Please output exactly the lines below, starting at the line that has "Регулируемата въртяща се" and ending at the line that has "БЫСТРОРАЗЪЕМНАЯ верхняя ручка", both included; leave out all pictures and include nothing else.

--- Available data Enclosed Below ---

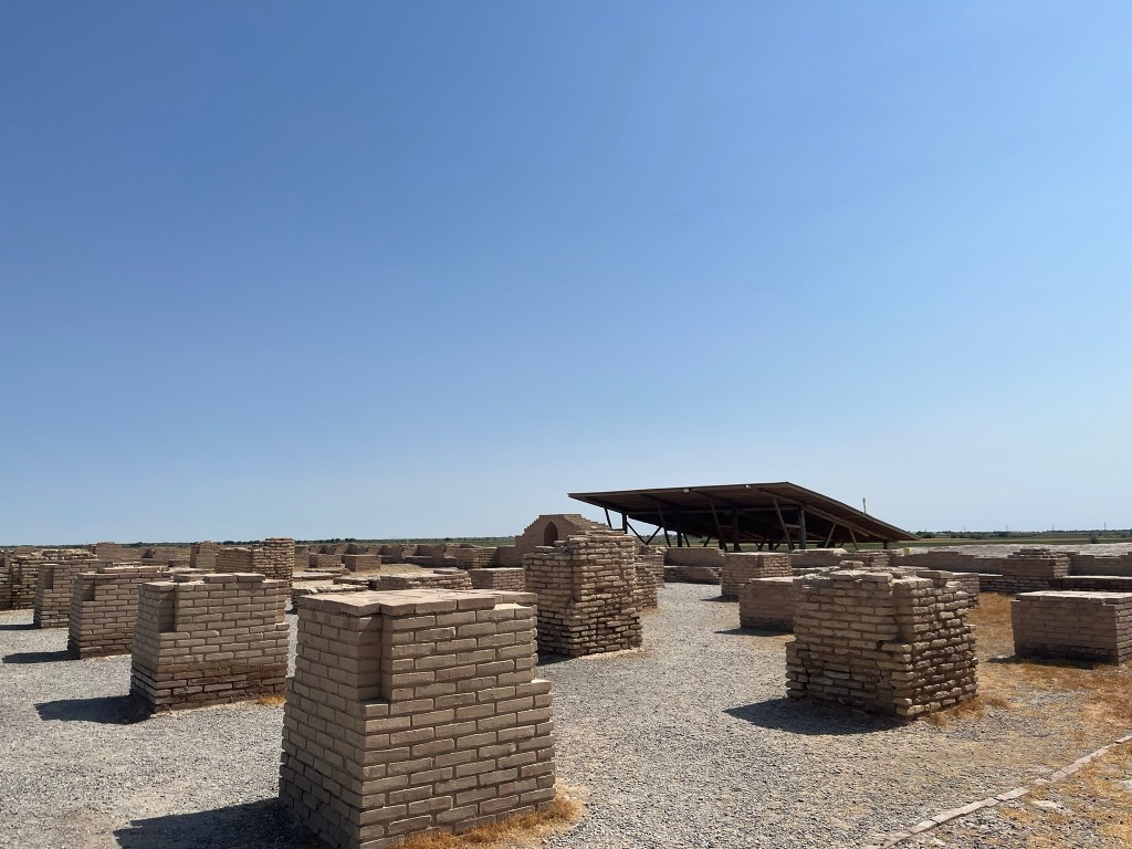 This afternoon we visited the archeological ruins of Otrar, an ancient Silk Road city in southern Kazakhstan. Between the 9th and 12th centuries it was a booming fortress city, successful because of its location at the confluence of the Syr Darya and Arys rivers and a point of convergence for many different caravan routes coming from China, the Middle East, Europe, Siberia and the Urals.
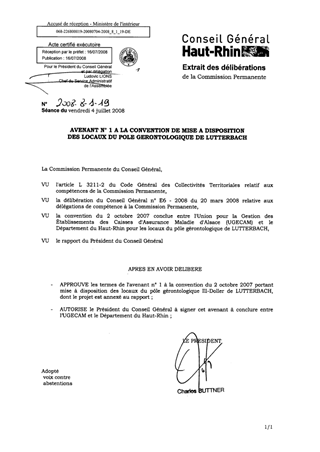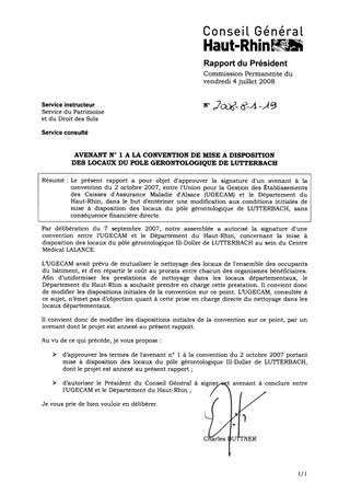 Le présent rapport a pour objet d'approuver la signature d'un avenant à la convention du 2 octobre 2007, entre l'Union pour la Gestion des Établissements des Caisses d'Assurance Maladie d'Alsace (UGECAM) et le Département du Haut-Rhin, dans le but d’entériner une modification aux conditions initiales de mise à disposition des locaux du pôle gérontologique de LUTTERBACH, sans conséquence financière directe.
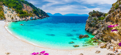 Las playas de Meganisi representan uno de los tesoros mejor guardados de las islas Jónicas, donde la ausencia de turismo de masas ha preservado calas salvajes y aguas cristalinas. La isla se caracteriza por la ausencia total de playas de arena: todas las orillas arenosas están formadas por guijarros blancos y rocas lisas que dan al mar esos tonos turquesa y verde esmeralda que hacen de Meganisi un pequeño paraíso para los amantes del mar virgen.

--- End of Enclosed Available data ---
--- Available data Enclosed Below ---

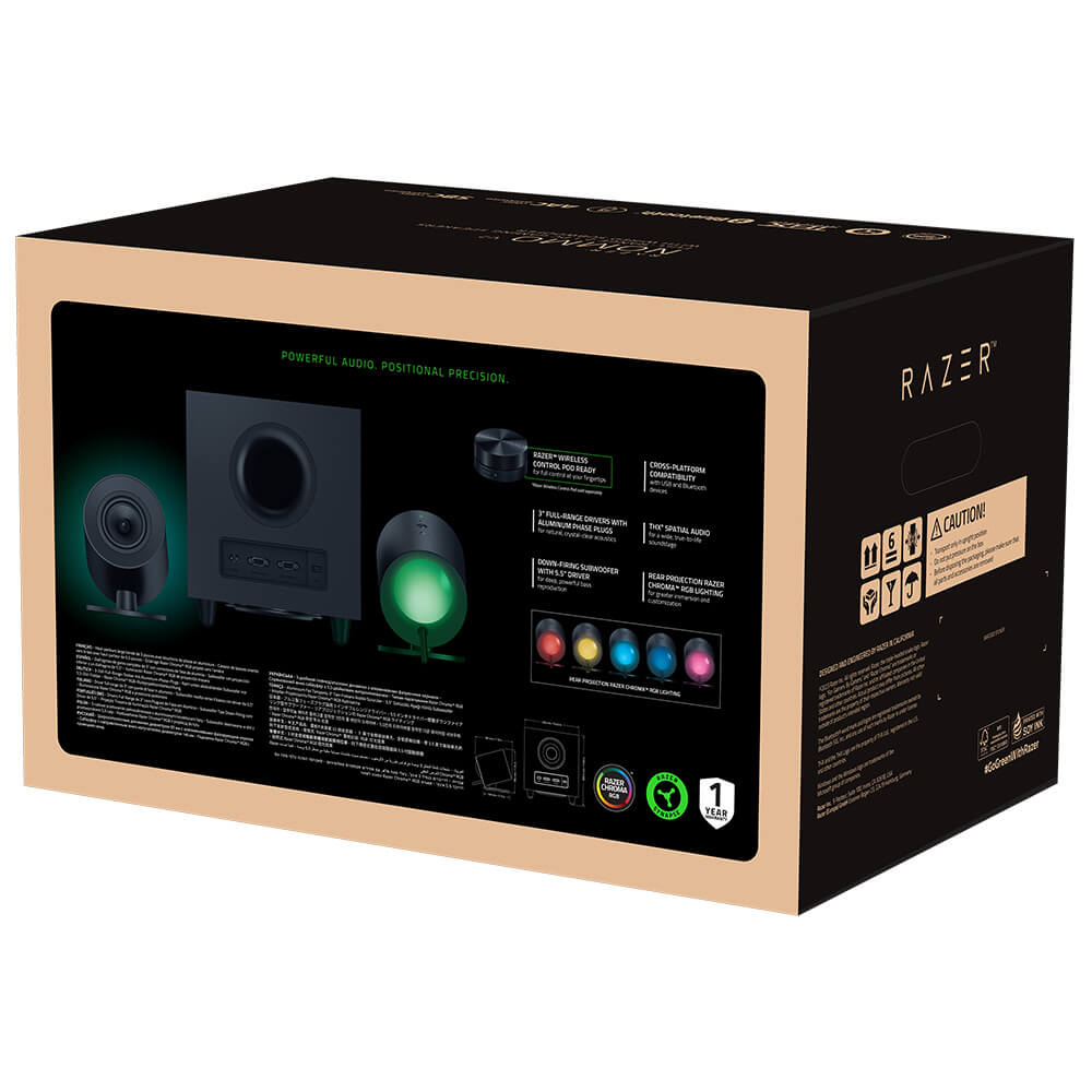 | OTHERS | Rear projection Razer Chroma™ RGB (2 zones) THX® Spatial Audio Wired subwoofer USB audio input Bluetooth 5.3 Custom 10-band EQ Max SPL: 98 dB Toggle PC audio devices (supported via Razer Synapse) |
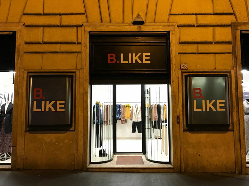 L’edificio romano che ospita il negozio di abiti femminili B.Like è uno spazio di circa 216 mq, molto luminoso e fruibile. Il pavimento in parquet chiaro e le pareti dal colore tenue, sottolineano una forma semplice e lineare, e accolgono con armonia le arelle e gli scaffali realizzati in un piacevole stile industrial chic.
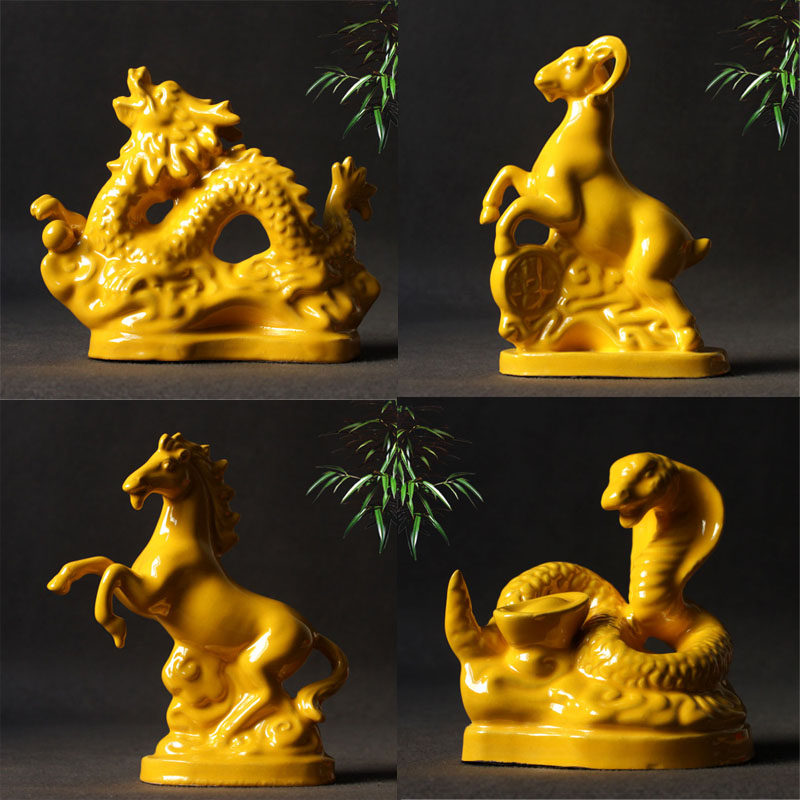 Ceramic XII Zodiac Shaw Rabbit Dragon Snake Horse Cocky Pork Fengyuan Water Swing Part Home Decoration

--- End of Enclosed Available data ---
--- Available data Enclosed Below ---

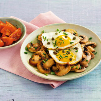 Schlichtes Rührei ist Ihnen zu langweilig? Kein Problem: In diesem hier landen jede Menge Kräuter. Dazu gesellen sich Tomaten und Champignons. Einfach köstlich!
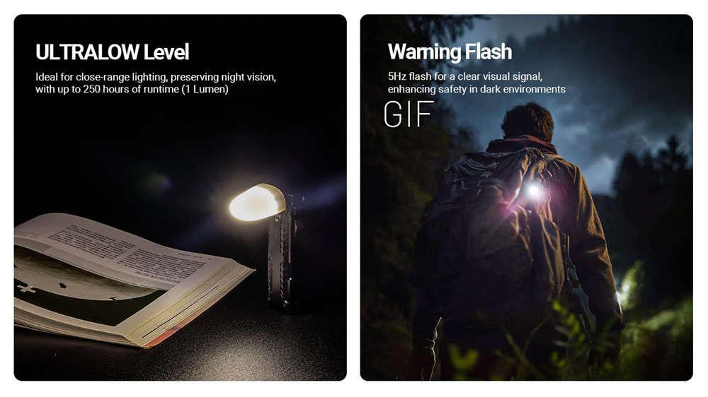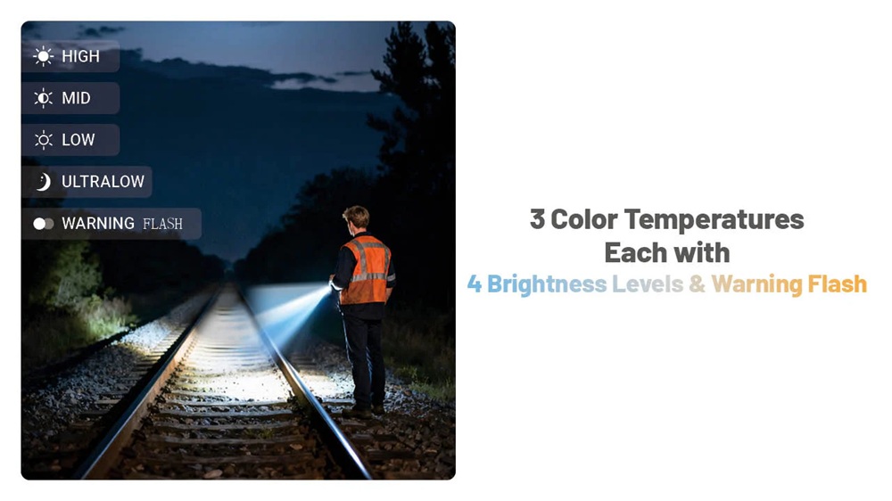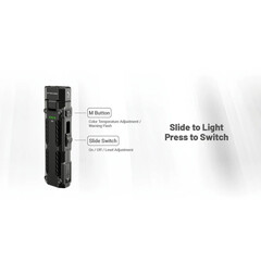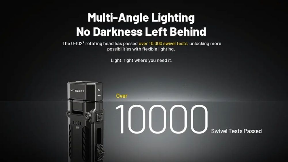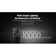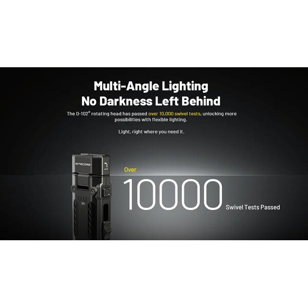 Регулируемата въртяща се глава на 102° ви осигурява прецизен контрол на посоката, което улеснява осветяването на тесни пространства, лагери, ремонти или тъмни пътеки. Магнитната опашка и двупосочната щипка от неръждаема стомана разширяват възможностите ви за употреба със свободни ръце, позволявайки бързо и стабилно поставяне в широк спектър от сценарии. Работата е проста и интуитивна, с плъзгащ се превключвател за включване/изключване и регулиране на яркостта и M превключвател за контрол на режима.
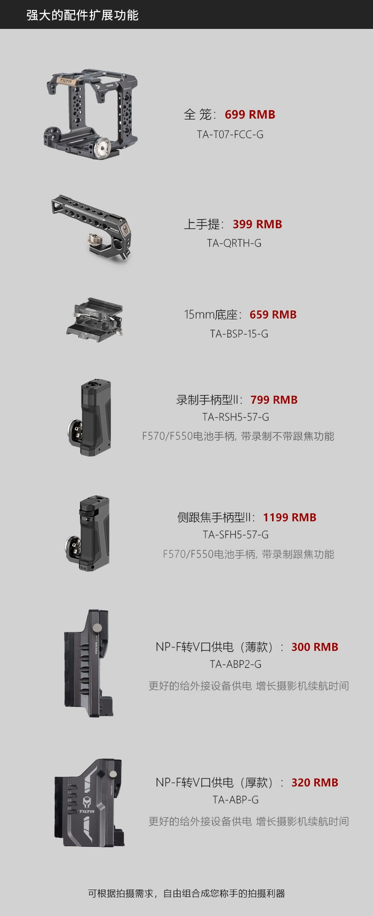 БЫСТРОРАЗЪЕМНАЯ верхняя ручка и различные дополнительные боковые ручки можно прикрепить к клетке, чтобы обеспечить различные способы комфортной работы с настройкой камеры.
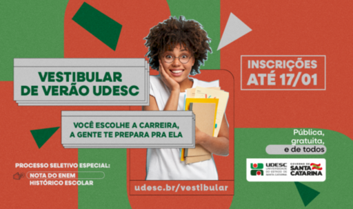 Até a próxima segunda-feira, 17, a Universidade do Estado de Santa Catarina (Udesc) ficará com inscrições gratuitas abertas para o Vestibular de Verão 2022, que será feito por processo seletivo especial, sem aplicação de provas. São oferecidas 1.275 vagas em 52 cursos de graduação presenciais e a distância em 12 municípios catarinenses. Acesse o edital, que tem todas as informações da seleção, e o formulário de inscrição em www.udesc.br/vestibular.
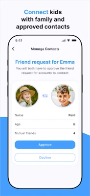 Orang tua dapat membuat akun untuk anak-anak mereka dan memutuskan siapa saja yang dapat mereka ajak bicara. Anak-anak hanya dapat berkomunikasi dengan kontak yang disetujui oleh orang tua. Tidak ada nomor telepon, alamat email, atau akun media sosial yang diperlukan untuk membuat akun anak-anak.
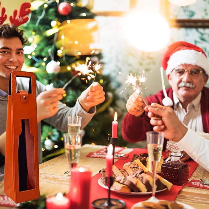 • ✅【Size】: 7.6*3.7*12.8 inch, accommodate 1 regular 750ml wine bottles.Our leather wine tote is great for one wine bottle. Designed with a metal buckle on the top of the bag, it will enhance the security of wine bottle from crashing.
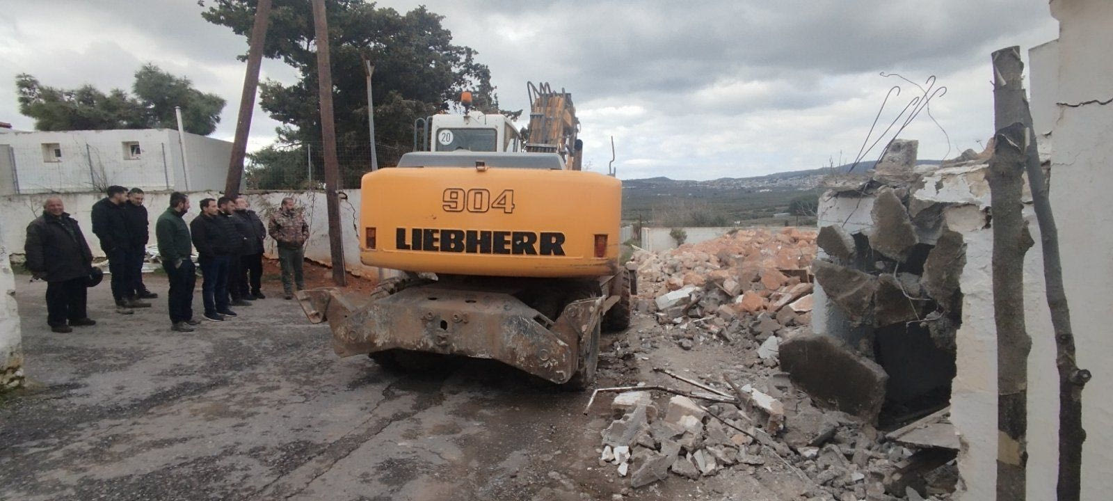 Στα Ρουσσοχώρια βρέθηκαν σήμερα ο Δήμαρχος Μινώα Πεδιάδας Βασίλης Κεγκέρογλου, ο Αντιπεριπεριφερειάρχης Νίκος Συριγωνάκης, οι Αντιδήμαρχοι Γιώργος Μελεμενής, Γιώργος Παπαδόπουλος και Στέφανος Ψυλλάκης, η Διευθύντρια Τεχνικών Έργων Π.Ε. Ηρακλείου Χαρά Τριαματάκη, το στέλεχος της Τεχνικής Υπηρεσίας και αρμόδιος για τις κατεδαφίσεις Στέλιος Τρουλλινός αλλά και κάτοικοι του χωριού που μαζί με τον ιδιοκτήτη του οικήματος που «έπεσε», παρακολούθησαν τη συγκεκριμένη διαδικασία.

--- End of Enclosed Available data ---

▸ **Answer to this task**
 Регулируемата въртяща се глава на 102° ви осигурява прецизен контрол на посоката, което улеснява осветяването на тесни пространства, лагери, ремонти или тъмни пътеки. Магнитната опашка и двупосочната щипка от неръждаема стомана разширяват възможностите ви за употреба със свободни ръце, позволявайки бързо и стабилно поставяне в широк спектър от сценарии. Работата е проста и интуитивна, с плъзгащ се превключвател за включване/изключване и регулиране на яркостта и M превключвател за контрол на режима.
 БЫСТРОРАЗЪЕМНАЯ верхняя ручка и различные дополнительные боковые ручки можно прикрепить к клетке, чтобы обеспечить различные способы комфортной работы с настройкой камеры.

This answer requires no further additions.